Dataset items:
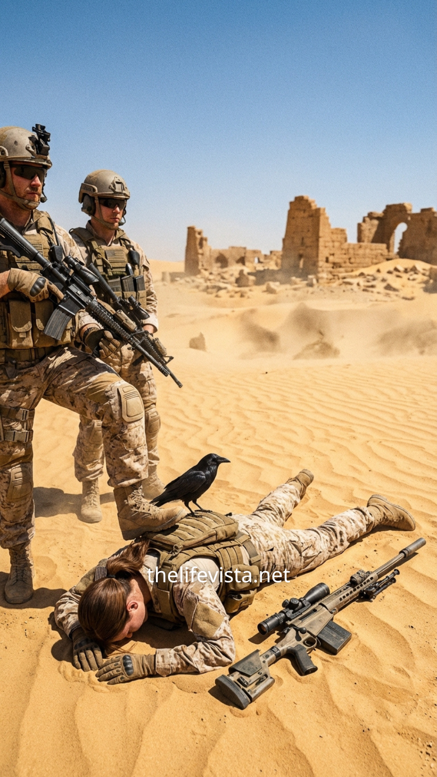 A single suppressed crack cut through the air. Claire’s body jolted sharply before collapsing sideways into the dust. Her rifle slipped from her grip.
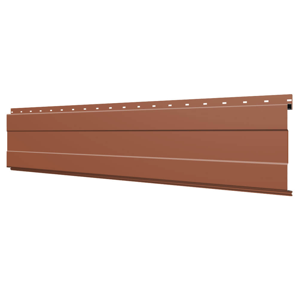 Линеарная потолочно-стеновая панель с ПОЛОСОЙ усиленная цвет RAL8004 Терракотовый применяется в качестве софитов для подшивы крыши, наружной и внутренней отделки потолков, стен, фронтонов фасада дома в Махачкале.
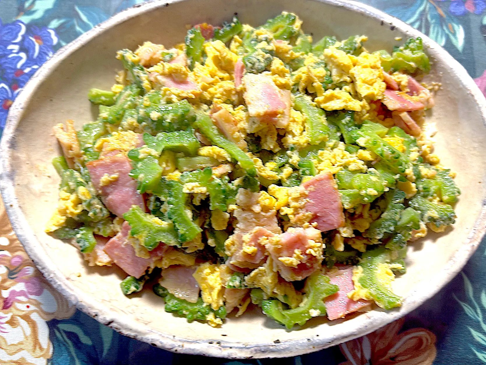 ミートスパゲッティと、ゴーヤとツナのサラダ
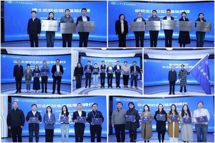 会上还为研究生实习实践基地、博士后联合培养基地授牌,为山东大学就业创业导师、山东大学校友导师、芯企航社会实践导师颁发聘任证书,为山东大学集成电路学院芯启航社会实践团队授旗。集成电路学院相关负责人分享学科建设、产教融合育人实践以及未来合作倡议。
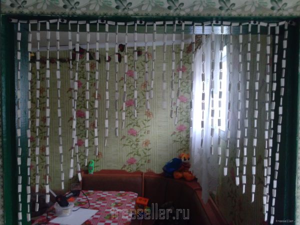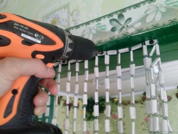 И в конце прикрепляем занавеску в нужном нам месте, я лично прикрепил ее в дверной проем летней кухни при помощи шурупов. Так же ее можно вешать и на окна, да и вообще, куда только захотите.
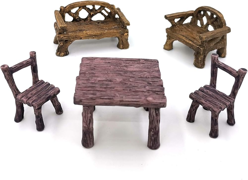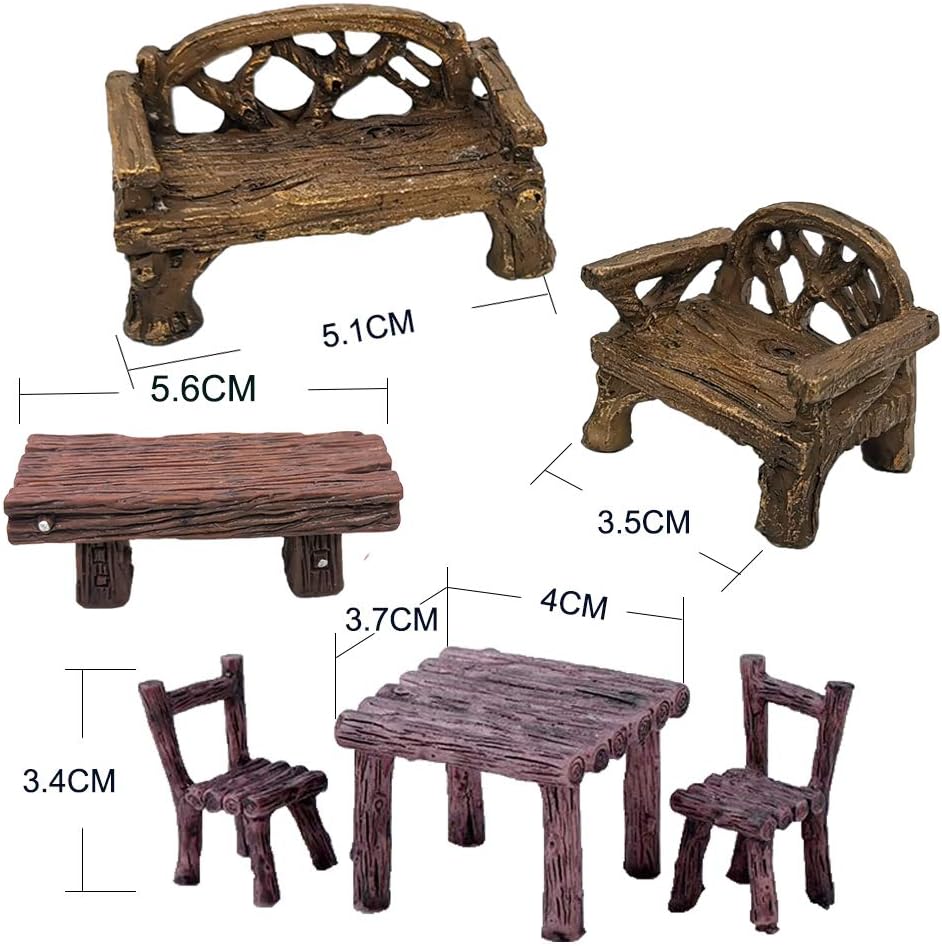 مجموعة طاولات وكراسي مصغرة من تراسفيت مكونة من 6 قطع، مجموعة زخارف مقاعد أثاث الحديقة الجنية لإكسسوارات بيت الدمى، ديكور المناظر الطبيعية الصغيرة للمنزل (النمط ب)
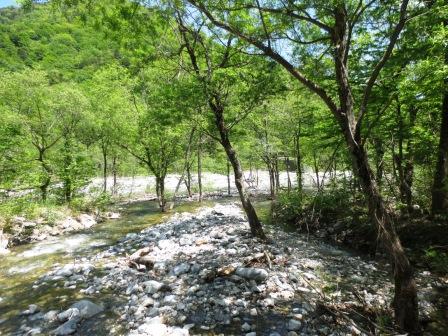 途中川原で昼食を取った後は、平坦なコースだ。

Task objective:
A word-for-word copy of the records above is needed, pictures excluded.

Output of the exercise:
 A single suppressed crack cut through the air. Claire’s body jolted sharply before collapsing sideways into the dust. Her rifle slipped from her grip.
 Линеарная потолочно-стеновая панель с ПОЛОСОЙ усиленная цвет RAL8004 Терракотовый применяется в качестве софитов для подшивы крыши, наружной и внутренней отделки потолков, стен, фронтонов фасада дома в Махачкале.
 ミートスパゲッティと、ゴーヤとツナのサラダ
 会上还为研究生实习实践基地、博士后联合培养基地授牌,为山东大学就业创业导师、山东大学校友导师、芯企航社会实践导师颁发聘任证书,为山东大学集成电路学院芯启航社会实践团队授旗。集成电路学院相关负责人分享学科建设、产教融合育人实践以及未来合作倡议。
 И в конце прикрепляем занавеску в нужном нам месте, я лично прикрепил ее в дверной проем летней кухни при помощи шурупов. Так же ее можно вешать и на окна, да и вообще, куда только захотите.
 مجموعة طاولات وكراسي مصغرة من تراسفيت مكونة من 6 قطع، مجموعة زخارف مقاعد أثاث الحديقة الجنية لإكسسوارات بيت الدمى، ديكور المناظر الطبيعية الصغيرة للمنزل (النمط ب)
 途中川原で昼食を取った後は、平坦なコースだ。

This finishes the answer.